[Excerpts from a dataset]
-- Opening Marker --

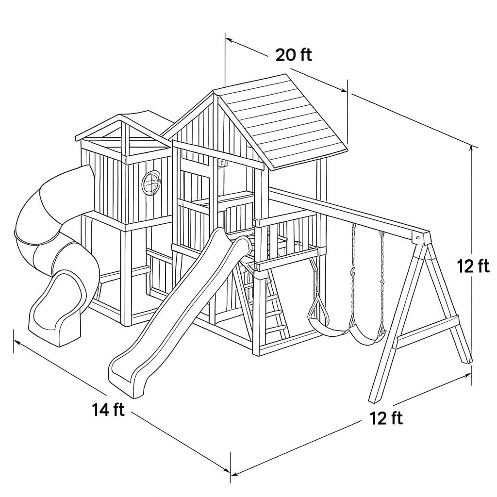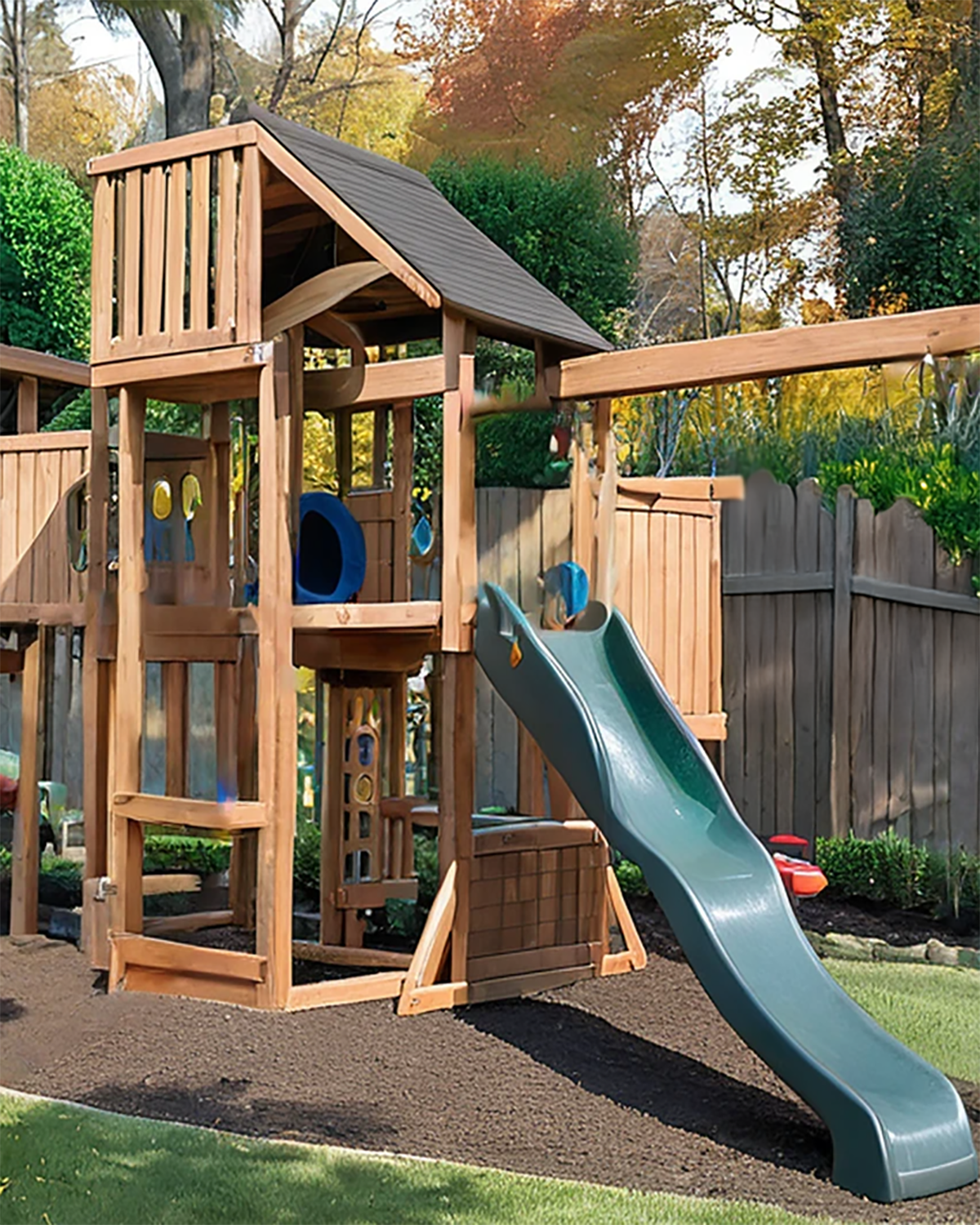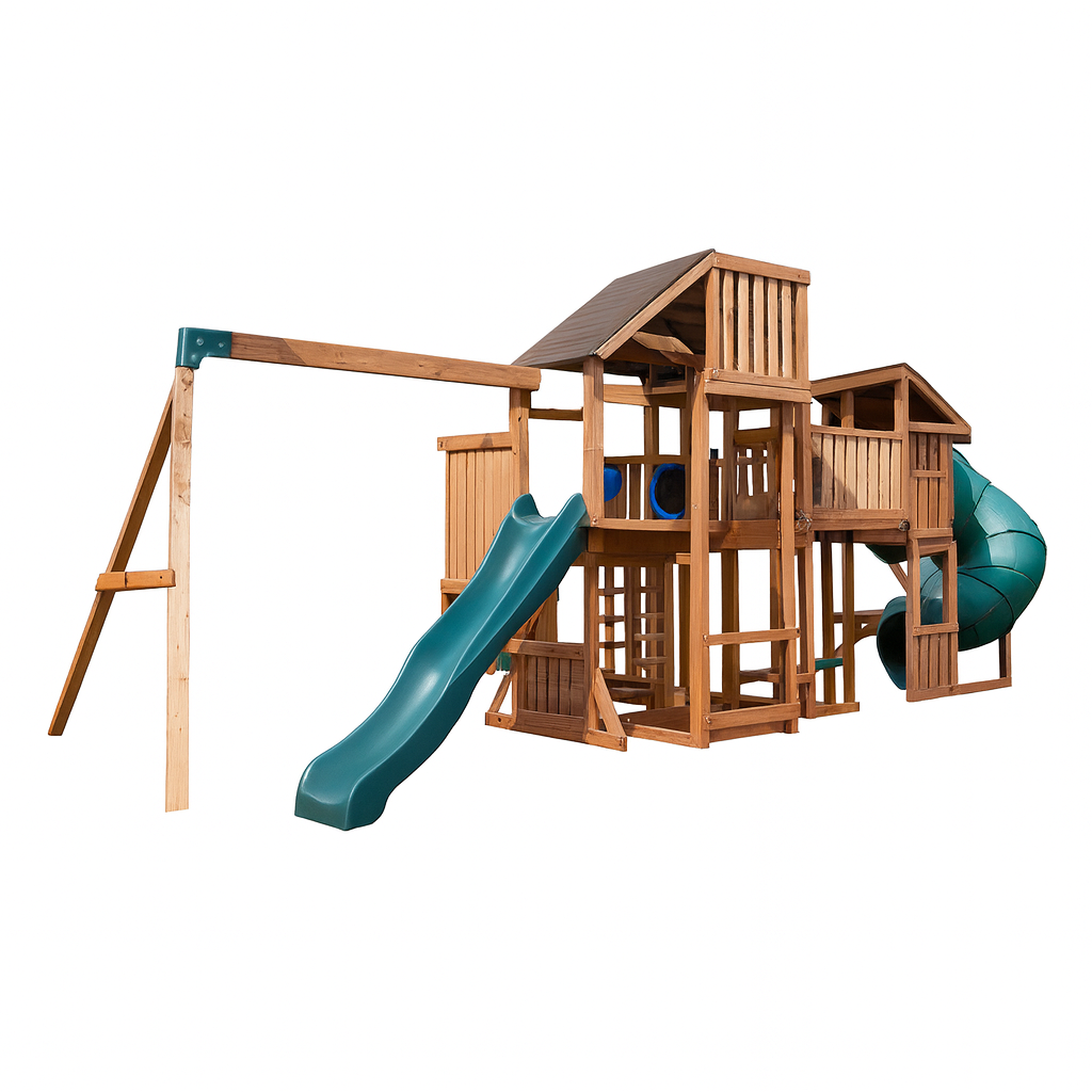 - Play Features: Tube slide, wave slide, 2 swings, trapeze bar, climbing wall, dual towers, connecting bridge
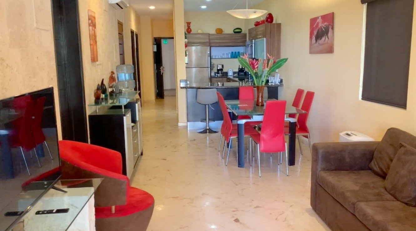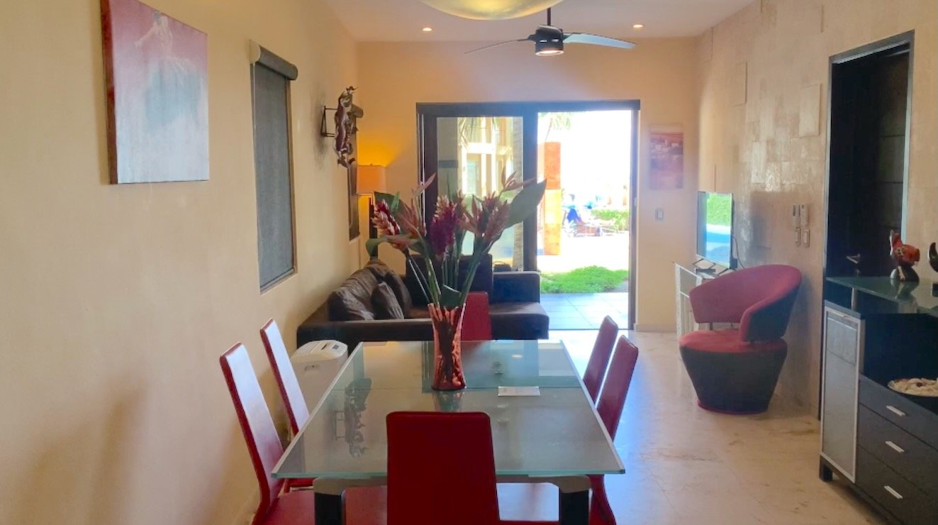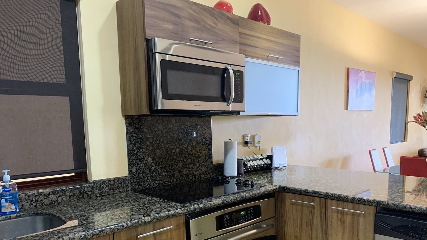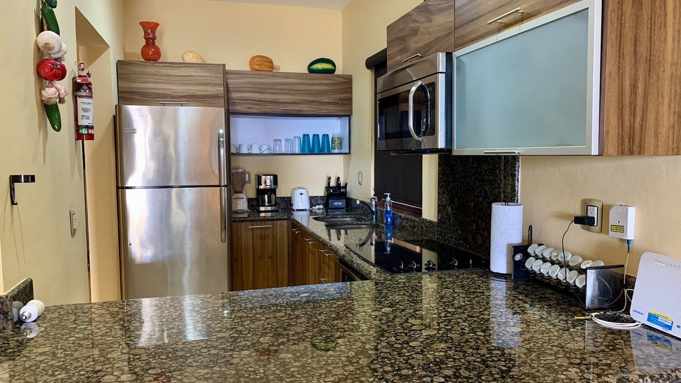 The fully equipped kitchen delivers everything needed for preparing casual breakfasts or elaborate dinners, showcasing gleaming granite countertops, quality appliances including full-size oven, cooktop with ventilation hood, double sink, and that increasingly rare amenity in beachfront properties—a built-in dishwasher. The substantial dining table seats six comfortably, while the adjacent living room provides relaxing space with comfortable seating and entertainment options for quieter evenings when you're not exploring Playa del Carmen's legendary restaurant scene just minutes away.
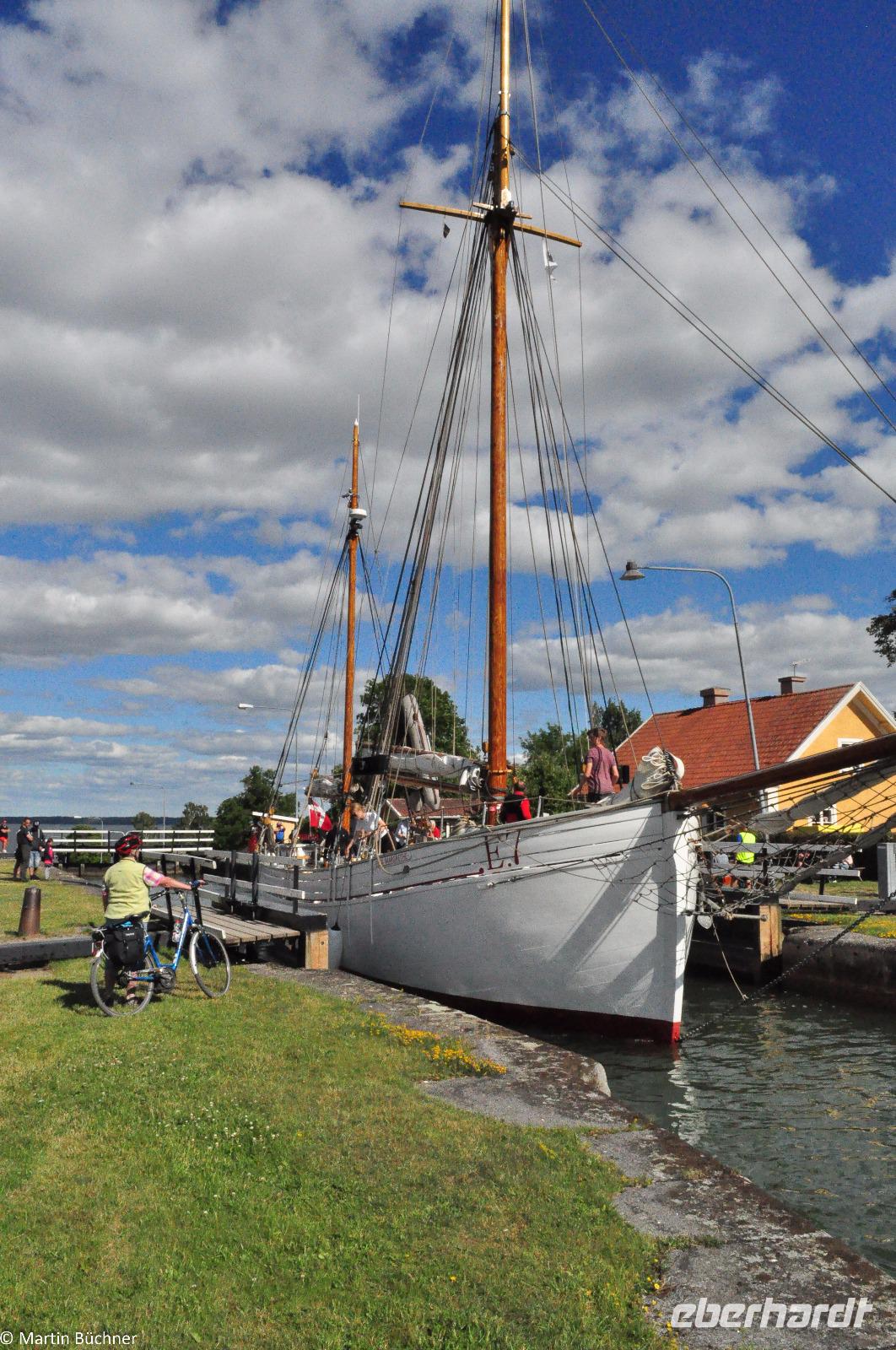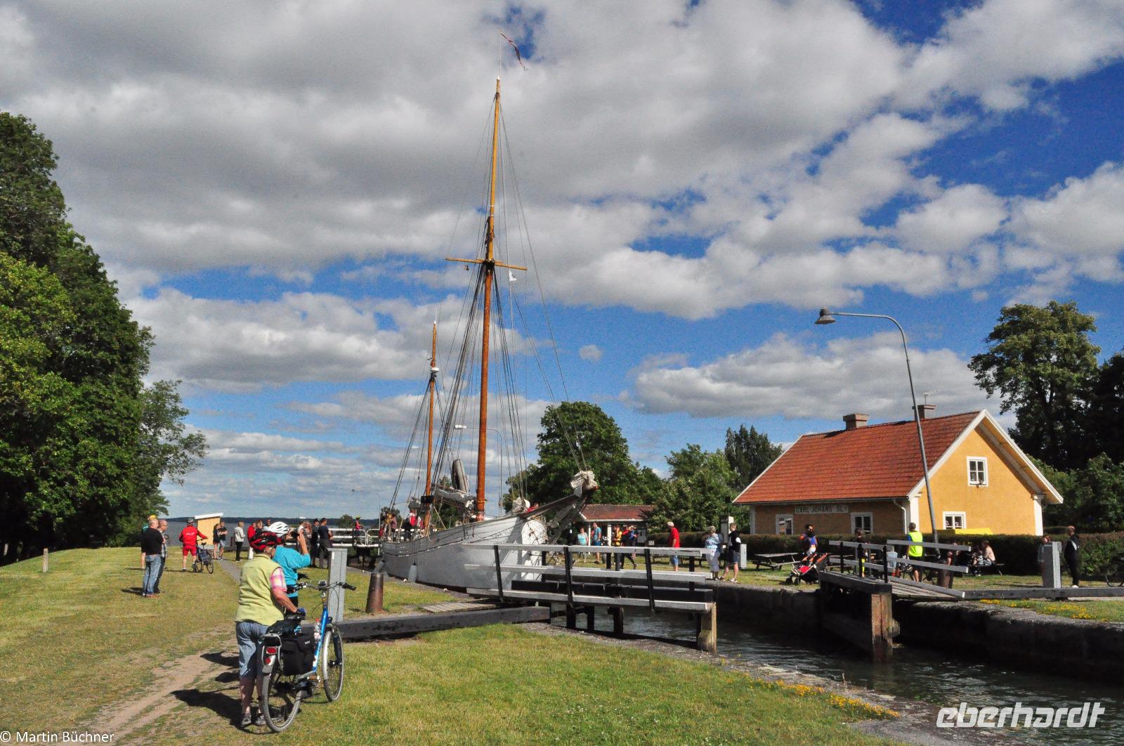 Der Weg führt vorbei an Schleusen, Schiebebrücken und sogar zwei Aquädukten (Wasserweg über Straße). Unser Zwischenziel ist die 7-Kammern-Schleusentreppe „Carl Johan Slussen" von Berg.
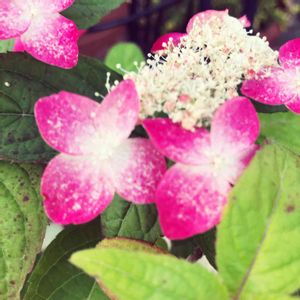 甘茶。 たいせつに育てた甲斐あってたくさん花をつけました。 この夏は昨年より夏越しさせやすければいいのですが。
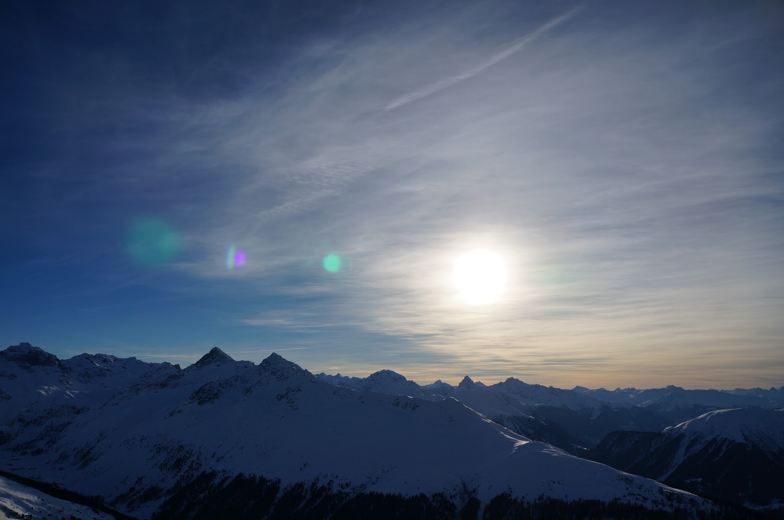 Davosissa olikin sitten jo talvisempaa. Aamut olivat usein pilvisiä, mutta kellon lähestyessä kahtatoista taivas alkoi melkein joka päivä kääntyä sineen.

-- Closing Marker --

What you have to do:
Please copy the data above exactly, omitting the pictures.

Solved exercise:
 - Play Features: Tube slide, wave slide, 2 swings, trapeze bar, climbing wall, dual towers, connecting bridge
 The fully equipped kitchen delivers everything needed for preparing casual breakfasts or elaborate dinners, showcasing gleaming granite countertops, quality appliances including full-size oven, cooktop with ventilation hood, double sink, and that increasingly rare amenity in beachfront properties—a built-in dishwasher. The substantial dining table seats six comfortably, while the adjacent living room provides relaxing space with comfortable seating and entertainment options for quieter evenings when you're not exploring Playa del Carmen's legendary restaurant scene just minutes away.
 Der Weg führt vorbei an Schleusen, Schiebebrücken und sogar zwei Aquädukten (Wasserweg über Straße). Unser Zwischenziel ist die 7-Kammern-Schleusentreppe „Carl Johan Slussen" von Berg.
 甘茶。 たいせつに育てた甲斐あってたくさん花をつけました。 この夏は昨年より夏越しさせやすければいいのですが。
 Davosissa olikin sitten jo talvisempaa. Aamut olivat usein pilvisiä, mutta kellon lähestyessä kahtatoista taivas alkoi melkein joka päivä kääntyä sineen.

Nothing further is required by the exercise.